Requirement: Transcribe the lines below exactly, beginning with the line that holds "Daily Challenge #3 Manalo" and ending with the final line, both included. Pictures are to be left out.

Information supplied:
=== Section Start ===
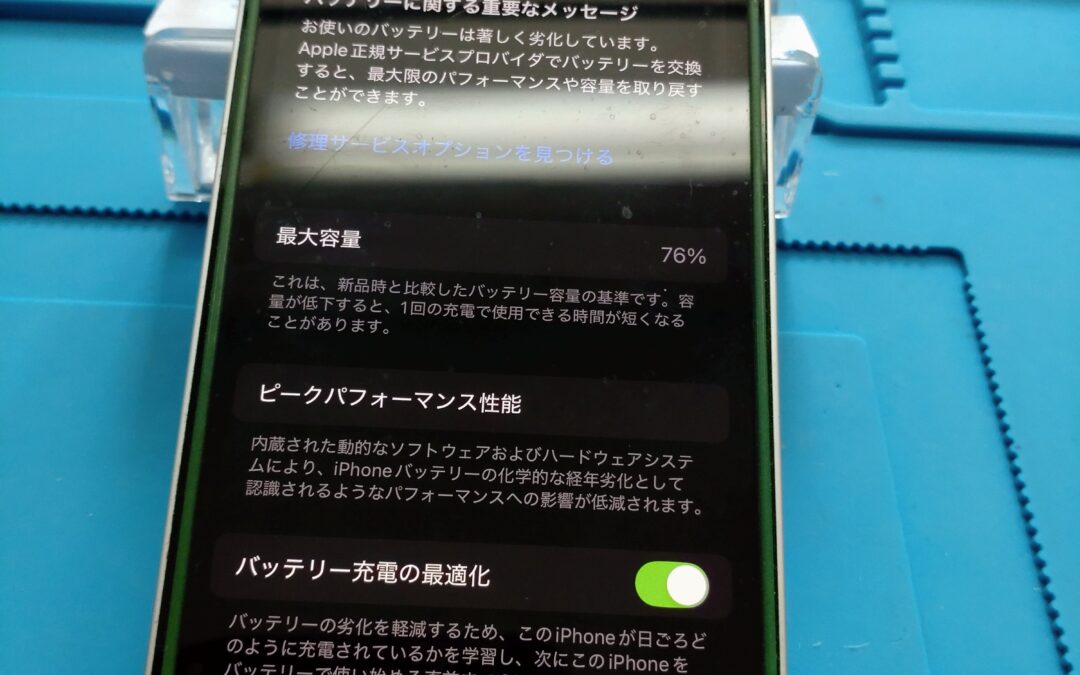 バッテリーの最大容量が76%でした。
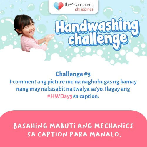 Daily Challenge #3 Manalo ng Php100 worth of Robinsons Supermarket GC! 1. Pumunta sa https://tap.red/pm3mr at i-click ang “Participate” kung hindi mo pa ito ginagawa. 2. Magpicture nang naghuhugas ng kamay nang may nakasabit na twalya sa kahit anong parte ng katawan mo. 3. I-post as comment sa post na ito. Huwag kalimutan ang #HWDay3. 4. Ang may pinakacreative na picture ang mananalo. 5. Submission of entries ends on 11:59pm tonight. I-aannounce ang winner for daily challenge #3 sa April 3, 2020.
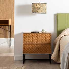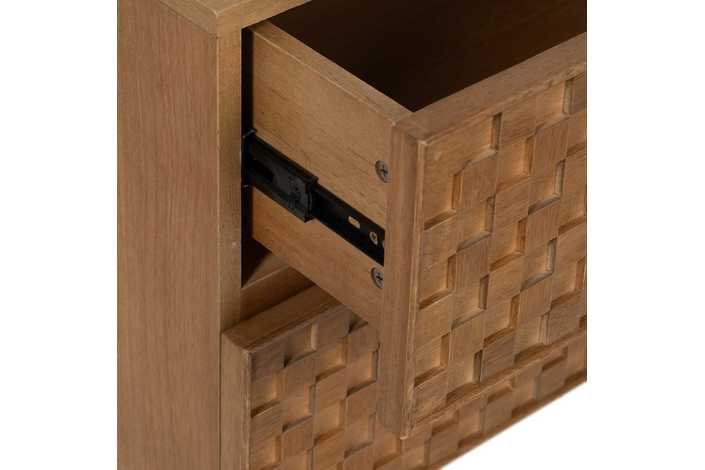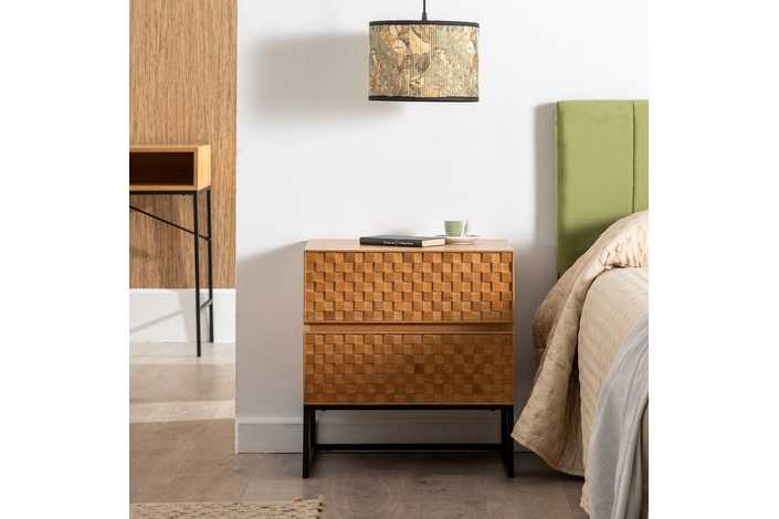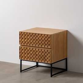 Material: Dm - metal (hierro) - vinilo madera de fresno. Medida cajones: 52x18cm. Altura pata: 18cm. Patas para montar.
=== Section End ===
Exercise output:
 Daily Challenge #3 Manalo ng Php100 worth of Robinsons Supermarket GC! 1. Pumunta sa https://tap.red/pm3mr at i-click ang “Participate” kung hindi mo pa ito ginagawa. 2. Magpicture nang naghuhugas ng kamay nang may nakasabit na twalya sa kahit anong parte ng katawan mo. 3. I-post as comment sa post na ito. Huwag kalimutan ang #HWDay3. 4. Ang may pinakacreative na picture ang mananalo. 5. Submission of entries ends on 11:59pm tonight. I-aannounce ang winner for daily challenge #3 sa April 3, 2020.
 Material: Dm - metal (hierro) - vinilo madera de fresno. Medida cajones: 52x18cm. Altura pata: 18cm. Patas para montar.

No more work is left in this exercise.